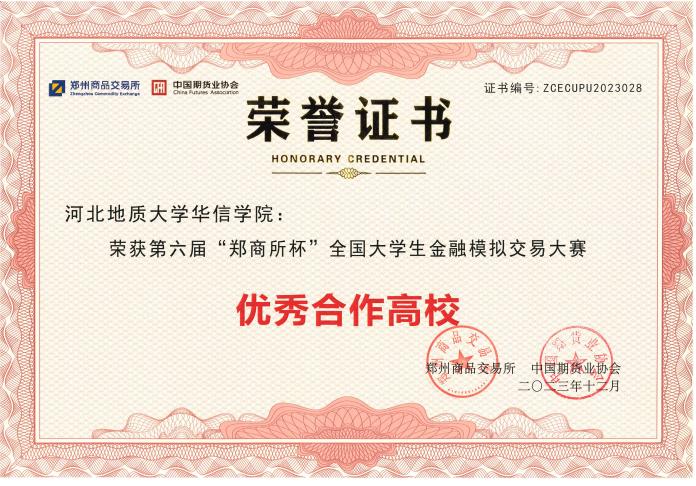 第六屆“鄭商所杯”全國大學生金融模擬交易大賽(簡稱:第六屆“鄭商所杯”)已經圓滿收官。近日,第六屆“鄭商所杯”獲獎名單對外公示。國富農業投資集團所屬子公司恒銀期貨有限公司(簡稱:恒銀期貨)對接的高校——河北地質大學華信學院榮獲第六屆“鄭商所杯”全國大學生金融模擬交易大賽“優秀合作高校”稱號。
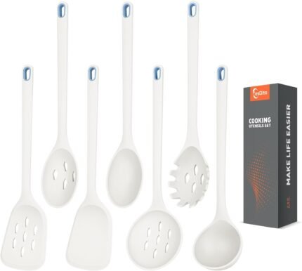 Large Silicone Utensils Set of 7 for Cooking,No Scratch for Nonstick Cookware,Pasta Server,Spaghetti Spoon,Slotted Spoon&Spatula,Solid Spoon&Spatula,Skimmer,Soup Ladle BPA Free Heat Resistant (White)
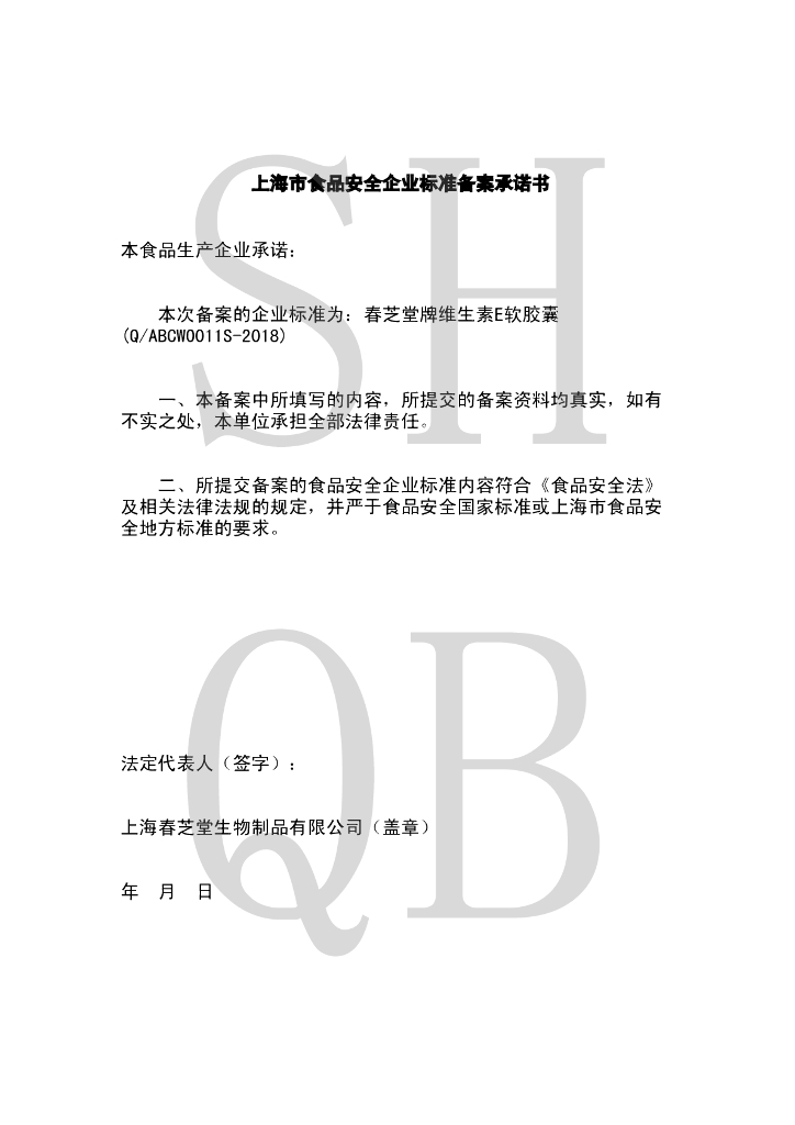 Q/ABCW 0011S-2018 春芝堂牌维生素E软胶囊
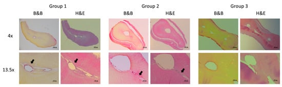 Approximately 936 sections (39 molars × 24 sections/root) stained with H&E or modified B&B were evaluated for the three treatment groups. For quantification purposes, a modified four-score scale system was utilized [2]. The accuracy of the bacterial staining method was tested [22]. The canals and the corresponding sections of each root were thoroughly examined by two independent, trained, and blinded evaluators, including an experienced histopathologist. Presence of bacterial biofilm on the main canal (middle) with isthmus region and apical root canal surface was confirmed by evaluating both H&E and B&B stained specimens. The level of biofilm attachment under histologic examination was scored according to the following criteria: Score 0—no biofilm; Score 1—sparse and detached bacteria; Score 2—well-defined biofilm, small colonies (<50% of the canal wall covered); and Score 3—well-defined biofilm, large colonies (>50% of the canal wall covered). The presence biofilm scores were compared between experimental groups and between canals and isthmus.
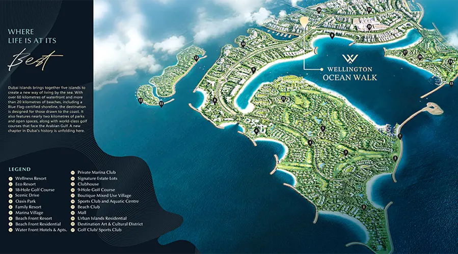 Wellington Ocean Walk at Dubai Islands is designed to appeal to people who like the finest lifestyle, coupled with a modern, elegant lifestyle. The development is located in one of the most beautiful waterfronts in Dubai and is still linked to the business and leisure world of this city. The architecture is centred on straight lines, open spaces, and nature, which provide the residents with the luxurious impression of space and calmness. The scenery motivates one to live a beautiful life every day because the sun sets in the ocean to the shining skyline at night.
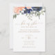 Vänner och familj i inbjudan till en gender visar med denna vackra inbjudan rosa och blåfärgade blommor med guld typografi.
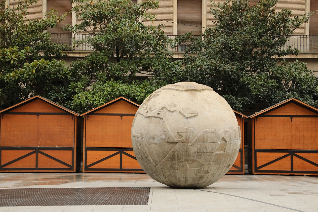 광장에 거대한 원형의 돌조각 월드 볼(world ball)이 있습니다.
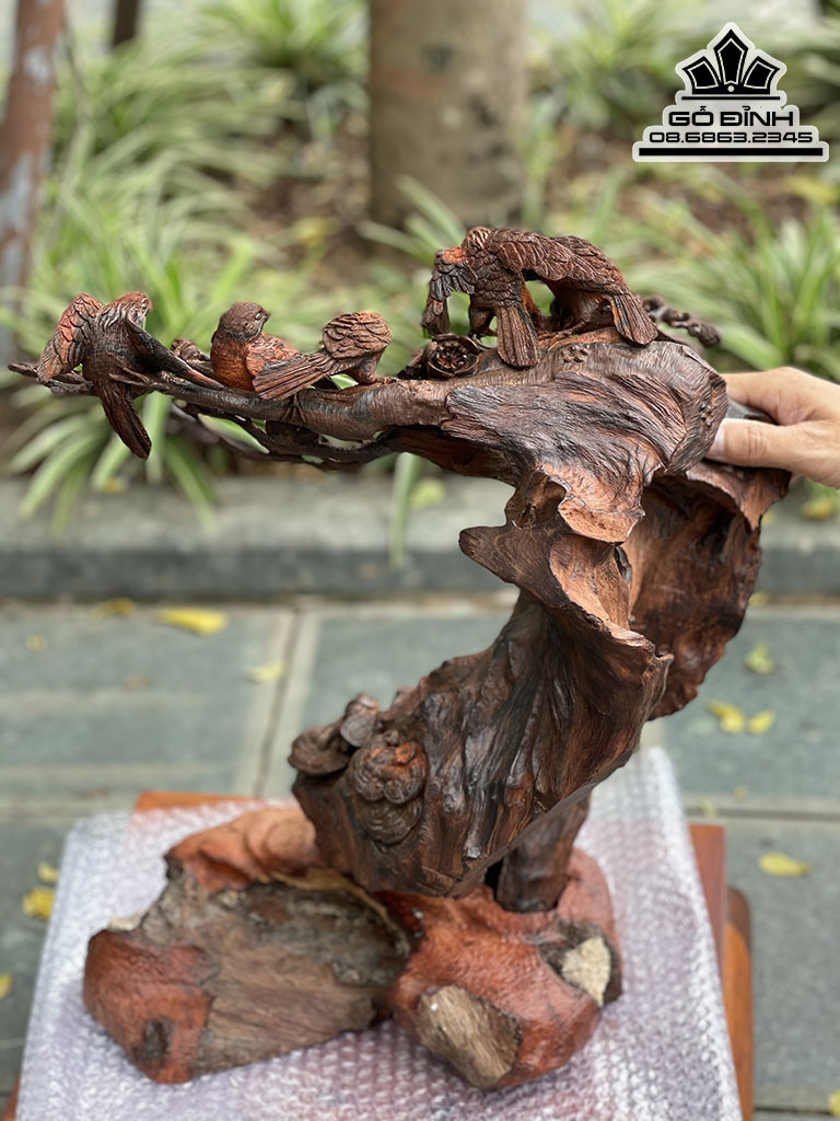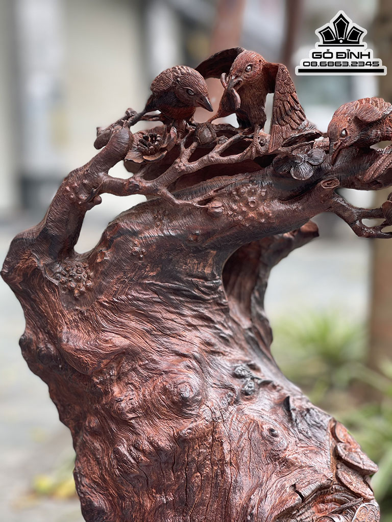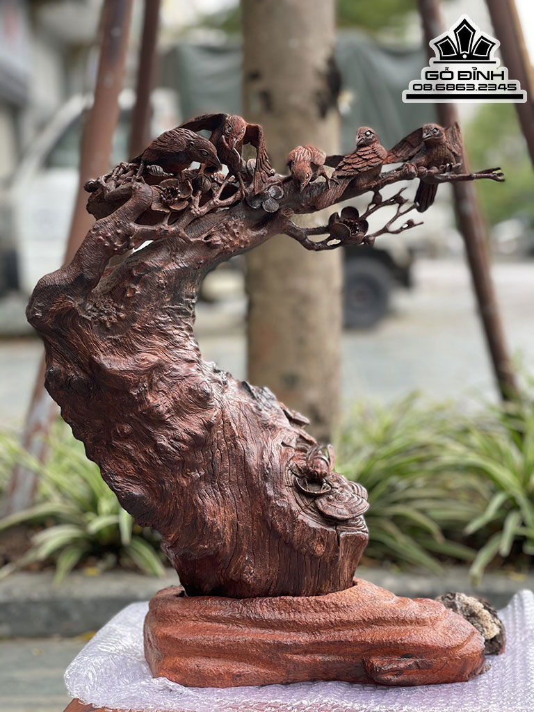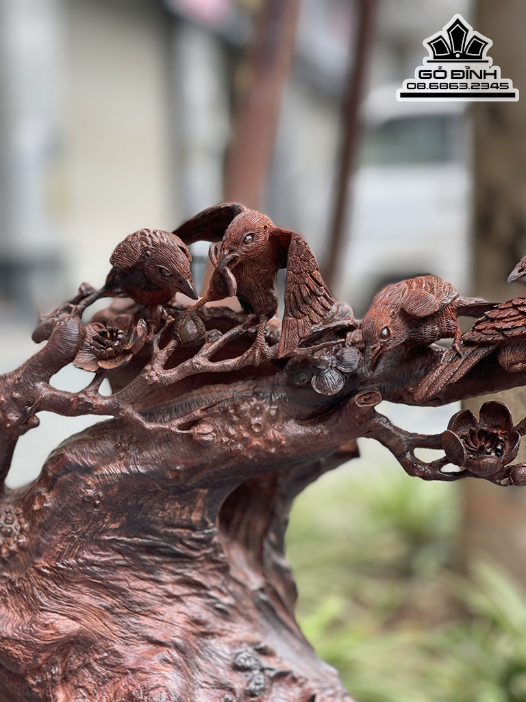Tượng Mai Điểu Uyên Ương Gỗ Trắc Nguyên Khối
──────────────────────────────
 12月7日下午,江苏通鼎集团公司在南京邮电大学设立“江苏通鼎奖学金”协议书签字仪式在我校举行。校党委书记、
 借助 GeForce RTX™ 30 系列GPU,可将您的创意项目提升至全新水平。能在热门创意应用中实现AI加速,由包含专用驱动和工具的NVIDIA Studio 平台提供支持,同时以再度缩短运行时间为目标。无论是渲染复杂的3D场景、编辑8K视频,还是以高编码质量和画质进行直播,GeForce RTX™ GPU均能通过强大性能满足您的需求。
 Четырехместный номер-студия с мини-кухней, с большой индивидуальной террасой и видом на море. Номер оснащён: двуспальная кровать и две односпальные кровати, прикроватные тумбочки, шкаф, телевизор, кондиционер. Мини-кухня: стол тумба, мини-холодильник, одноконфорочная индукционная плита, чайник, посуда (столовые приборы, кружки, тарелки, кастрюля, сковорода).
──────────────────────────────
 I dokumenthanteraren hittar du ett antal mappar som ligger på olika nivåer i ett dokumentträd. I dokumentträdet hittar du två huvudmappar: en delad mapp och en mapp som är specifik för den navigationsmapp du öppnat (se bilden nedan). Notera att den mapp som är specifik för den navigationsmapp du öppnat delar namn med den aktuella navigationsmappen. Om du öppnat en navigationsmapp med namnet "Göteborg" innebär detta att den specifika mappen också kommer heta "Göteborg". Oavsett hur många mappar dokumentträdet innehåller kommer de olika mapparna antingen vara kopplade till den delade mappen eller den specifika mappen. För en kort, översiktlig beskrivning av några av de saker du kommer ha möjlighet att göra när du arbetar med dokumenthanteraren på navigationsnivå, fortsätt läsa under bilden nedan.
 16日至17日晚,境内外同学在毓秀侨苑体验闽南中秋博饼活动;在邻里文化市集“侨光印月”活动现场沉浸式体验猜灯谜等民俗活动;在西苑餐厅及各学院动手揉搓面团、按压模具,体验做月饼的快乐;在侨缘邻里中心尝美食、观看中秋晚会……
──────────────────────────────
- [WHAT IS EXPECTED]:
Copy the lines above exactly, beginning at the line that has "借助 GeForce RTX™" and stopping after the line that has "Четырехместный номер-студия с", and omit the rest.

- [TASK ANSWER]:
 借助 GeForce RTX™ 30 系列GPU,可将您的创意项目提升至全新水平。能在热门创意应用中实现AI加速,由包含专用驱动和工具的NVIDIA Studio 平台提供支持,同时以再度缩短运行时间为目标。无论是渲染复杂的3D场景、编辑8K视频,还是以高编码质量和画质进行直播,GeForce RTX™ GPU均能通过强大性能满足您的需求。
 Четырехместный номер-студия с мини-кухней, с большой индивидуальной террасой и видом на море. Номер оснащён: двуспальная кровать и две односпальные кровати, прикроватные тумбочки, шкаф, телевизор, кондиционер. Мини-кухня: стол тумба, мини-холодильник, одноконфорочная индукционная плита, чайник, посуда (столовые приборы, кружки, тарелки, кастрюля, сковорода).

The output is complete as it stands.